In looking to examine the U.S. role in the world — showing how U.S. foreign policy affected the politics, societies and cultures of others around the world — and how foreign experiences themselves, like the World War II Nazi era, re-shaped how foreign and American intellectuals understood their own role in the U.S., Bessner focused on three areas:

  • Ideological origins of social science-based foreign policymaking
  • Rise of the defense intellectual
  • What does this mean today

Daniel Bessner gives a talk on “Democracy in Exile: Hans Speier and the Defense Intellectual” as part of his induction ceremony on Jan. 25.

The transformation of Hans Speier from a disillusioned supporter of Marxism in the 1920s in Germany to his emigration to the U.S. in the early 1930s included ideas on the use of propaganda in democracy and developing the first examples of ‘big data’ in the U.S. to predict Nazi strategy, said Bessner.  

Speier went on to serve at the highest levels of the U.S. Office of War Information, and founded the Social Sciences Division of the RAND Corporation.

The 1950s saw the expansion of new institutes created to give national security advice, with German intellectuals like Speier playing leading roles.
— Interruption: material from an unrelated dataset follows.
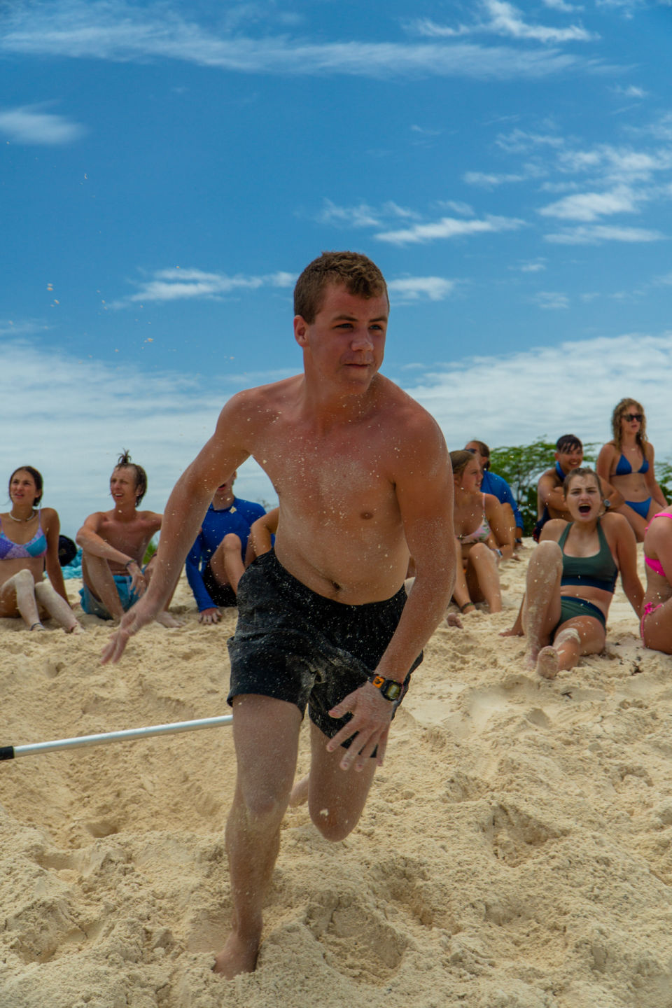 Margaux, Sela, and Ben woke up at 4:30 to sail us to Anegada. Once arriving, we started our day with some delicious french toast made by Charlie and Sean. Shortly after that, we rode a dinghy to the shore to start the challenges among some of the boats for the beach Olympics. In the first challenge, we were down a player, so I had to go twice, and we secured 1st place in the first event. In the second event, we didn’t place well, although Leuck helped us to make a huge comeback. Mariah, Cate, and Selah showed team morale by being exceptionally loud and cheering us on during tug of war. Gianna and Talia were super competitive today. Tristan was at the helm for most of the day on the way back to the anchorage, and Emerson was super supportive throughout the day to everyone during all the challenges. Hugh stepped In as an extra chef for dinner and made some super good ground beef for Mexican night. Overall it was an extremely competitive and fun day in the sun today.

This led to a new kind of career path, said Bessner, from former Secretary of State Henry Kissinger to contemporary foreign policy influencers like Paul Wolfowitz, Condoleeza Rice and Anne-Marie Slaughter.

What does it mean today?
One key challenge, Bessner noted, is how policies have been made since 1945: the outsourcing to institutes outside of government where often information influencing foreign policy remains classified.

“The U.S. [public] has lost faith in the foreign policy establishment, because the elite [experts] are rarely held accountable,” Bessner said. “We need to create a moral norm … the public should know information being presented to government.”

He concluded: “Democracy needs expertise [public intellectuals], but we also need to hold these experts accountable,” he said. “So I am for expertise, but I am for a ‘humble and modest’ expertise,” he concluded.

Professor Emeritus Kenneth B. Pyle gives the closing remarks to the event inaugurating a professorship in his and his wife’s name on Jan. 25, 2017.

Ken Pyle, Professor Emeritus, gave closing remarks, noting that he was “particularly happy to have his name, and that of his wife, on this professorship because it was U.S. foreign policy that led him to teaching.”

“We look forward to Daniel Bessner’s promising career,” he said.

In 2005 the Henry M. Foundation first created the Henry M. Jackson Professorship in American Foreign Policy at the Jackson School, naming Professor Kenneth B. Pyle as its first recipient.